В грязный тамбур войдем, как во храм,


Дослюнявим одну сигарету


И завалимся спать. По местам

– – – – -

Искушение как метод



Куришь, не куришь – возьми сигарету.


Пусть не взатяг, до бычка додержись.


Как на войне, сантиметром газеты


Жизнь прогорит… И останется жизнь.



Пуст, невесом, бесполезен как-то,


Как-то не свой сам, и точно ничей,


Сквозь, наугад, напролет, настежь


Стен, разговоров, лиц витражей.



Ты одинок, сам, один, единичный


Против нее – щедрой бабки с косой.


Дай закурить ей – сомлеет, логично:


Кто при деньгах – тот не ходит босой.

– – – – – -


Свет, не спеши



Свет, не спеши, я запомню тепло,


Просто тепло и губ касание.


Не торопись, за окном темно,


Небо снегами струит вязание.



Ветры уснули. Твоё плечо.


Шелест огня, теней венчание,


Шорохи, шепоты, – горячо


Близкого имени величание.



Нежная мокрых ресниц сеть


Путает, ловит и рвёт дыхание,


Всполохи, отсветы… Не успеть


Ни запретить, ни продлить молчание.

– – – – -

Голоса



Ты не останешься, нет, не останешься,


Лишь потому, что и я – уйду


По перволедочку, как по проталинке,


На голоса поутру.



Кто – по теории, кто-то – по памяти,


Кто, как природа велит, по нутру


Ходим, уходим задворками замяти


На голоса поутру.



Слово навстречу – дыханье попутное,


Теплой мелодии дверь отворю,


Время вернется, забыв время смутное,


К вам, голоса поутру.



Розовый мир берегут от разрухи,


Светом во снах, что с собой заберу:


Жесты, улыбки, движения – духи! -


Вы, голоса поутру.



Ты, как они, промелькнешь, не споткнешься,


Вряд ли по кадрам анфас соберу,


Лишь в упокое души обернешься


Болью живой. Поутру.

– – – – -

O женщина



О женщина, сказавшая мне «да»,


Зачем ты обещаний не отнимешь?


Не убежишь, не крикнешь, не покинешь,


Не разобьёшь стального «навсегда»?



О женщина, сказавшая мне «нет»,


Зачем в ночи промокшей не вернёшься,


В чужой квартире в полдень не проснёшься


Под мой скворчащий плотию омлет?



О муза, промолчавшая в ответ,


Твоей рукою движутся светила,


Пылает день, уходит в зрелось сила,


Ложится ночь и восстаёт рассвет.

– – – – -

Рисунок



Я хочу покрасить дом в красный цвет,


Ярко-желтым – окна у него,


Я хочу, чтобы в доме был свет,


Разноцветное лучилось стекло.



Чтобы в доме было восемь свечей:


На рояле, у иконы в углу,


А одна молила ветер ночей,


Истончаясь за тепло наших рук.



Ветер стужами пугает, смеясь,


Ярким пламенем свечи гасит жизнь,


А душа ее, ко мне прислонясь,


На плече лиловой змейкой дрожит.



Ты не плач свеча, не лей горьких слез,


Заслонит котенок лапкой фитиль,


В ярком круге на полу дремлет пес,


В нарисованных полях сына – штиль.



Подарю ему я свой карандаш -


В нарисованное счастье билет.


Там, где "мой" легко исправить на "наш",


Вот покрашу только дом в красный цвет.

– – – – -

И снова всё не так



И снова все не так, и мысли разбежались.


Взять шесть гитарных струн и платье до колен,


Закрыть тихонько дверь, чтобы вы не испугались


В мой дом семи дверей, в мильонный город стен.
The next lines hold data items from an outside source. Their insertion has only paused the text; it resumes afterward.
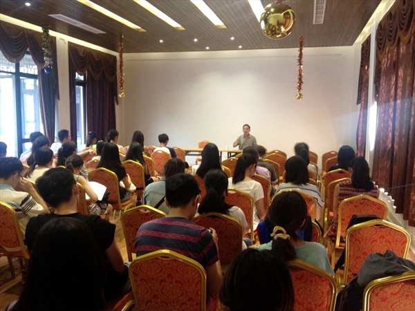 不多时,同学们便来到了永嘉书院。永嘉书院是立足于时代的高点,以永嘉学派为背景,以商道文化为根基,致是一个集观光旅游、休闲度假、艺术交流、教育培训为一体的大型综合体,是浙江省重点文化园区。园区内的一切都让学员们感到好奇与兴奋。道路上,大家欢声笑语,歌声漫天。瀑布下,大家戏水纳凉,其乐融融。包揽了自然的美景之后,公司领导还特意为同学们安排了一场讲座,由永嘉书院项目总经理李作勤主讲。李经理谈了其对永嘉书院这一文创项目的构思与规划,并与学员们进行了亲切交谈。公司徐万鹏就目下永嘉书院所存在的一些不足,同李经理提出一些意见,收到高度重视与赞许。
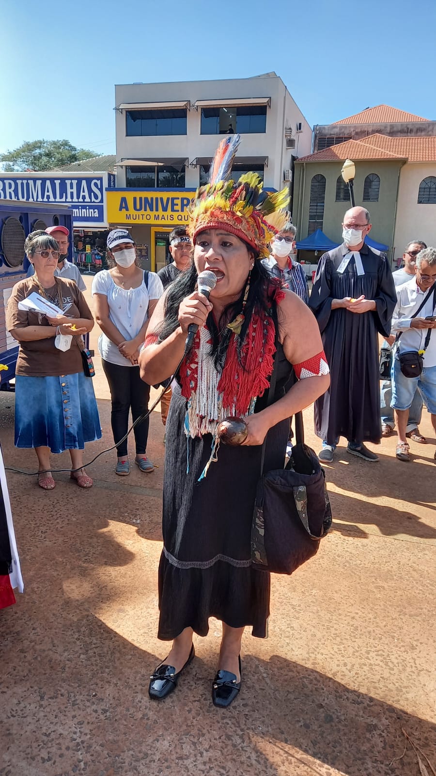 El acto ecuménico en Dourados también concluyó con las intervenciones de los sobrevivientes guaraníes kaiowá y una de esas voces fue de la líder kaiowá Valdelice Veron, de Juti: «Los antimotines vienen a atacar nuestros pueblos, queman nuestras pocas pertenencias, disparan a nuestros niños, jóvenes, mujeres, hombres, ancianos. Acabando con nuestras cosas, nuestras casas de oración, nuestros rincones, nuestros cuadros”. Valdelice pidió ayuda para que se realice la demarcación de las tierras indígenas y la prensa informó que la ADPF – Alegación de Incumplimiento de un Precepto Fundamental de la Vida, fue presentada ante la Corte Penal Internacional, en Bruselas, vinculada a la ONU, ya se ha activado. «La última ayuda cuando no hay otra manera», dijo.
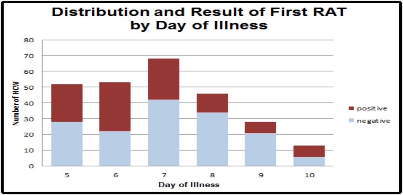 Quidell Quickview (San Diego, CA, USA) point of care RAT was performed on qualifying healthcare workers as soon as day five of their illness. Day 1 of illness was the start of symptoms or test date if asymptomatic.
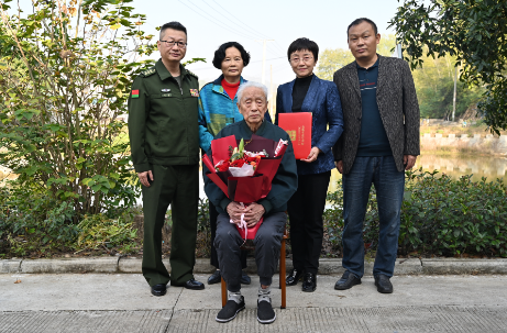 11月12日上午,一场意义非凡又简洁真诚的革命文物捐赠仪式在beat365离休干部戴平同志家中举行,校党委委员、组织部部长高润霞前往见证捐赠过程,迎江区委常委、区人武部政委倪磊接受戴老向安徽革命军事馆无偿捐赠的革命文物——一张保存了67年的工作合影,这张照片记录了他在西藏工委工作期间的珍贵瞬间。倪磊对戴老无私奉献的精神表达了敬意,并为他颁发了捐赠证书。
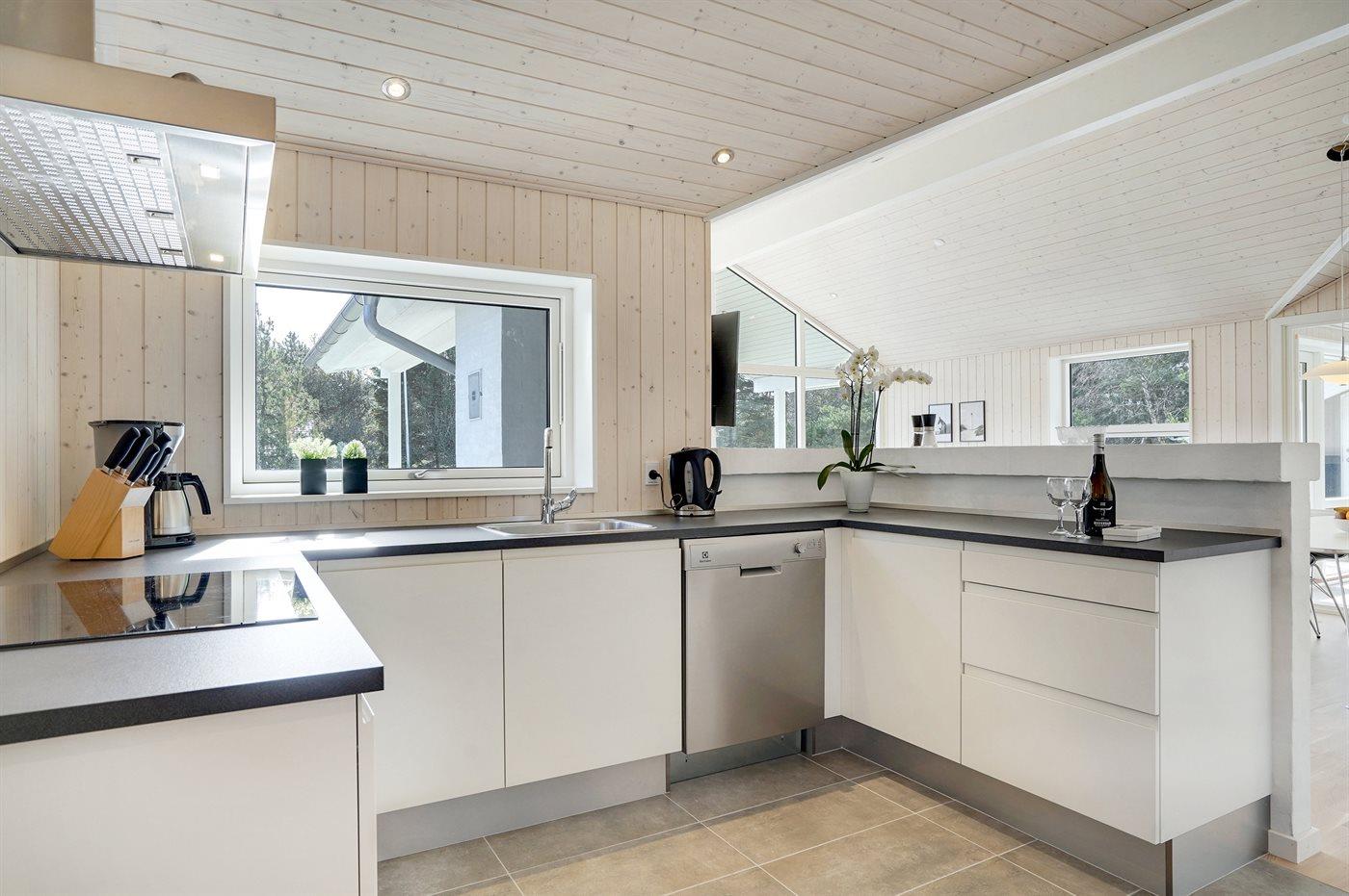 Køkkenet er udstyret med 1 køleskab. Der er 4 keramiske kogeplader, varmluftovn samt opvaskemaskine.

Поставит крест на хлебно-молочном рационе,


На наставленьях, пахнущих больничною тоской,


Сведенною спиной не чувствовать погони


И каждой клеткою понять: покой. Покой. Покой.



В последний раз закрыть глаза и за порогом выплеснуть


Тошнотно-дремных контрактур и сладкой боли сеть


И в пустоту принять росу, и капельками вымостить


Дорогу для босых ступней, чтоб пальцам чуть неметь.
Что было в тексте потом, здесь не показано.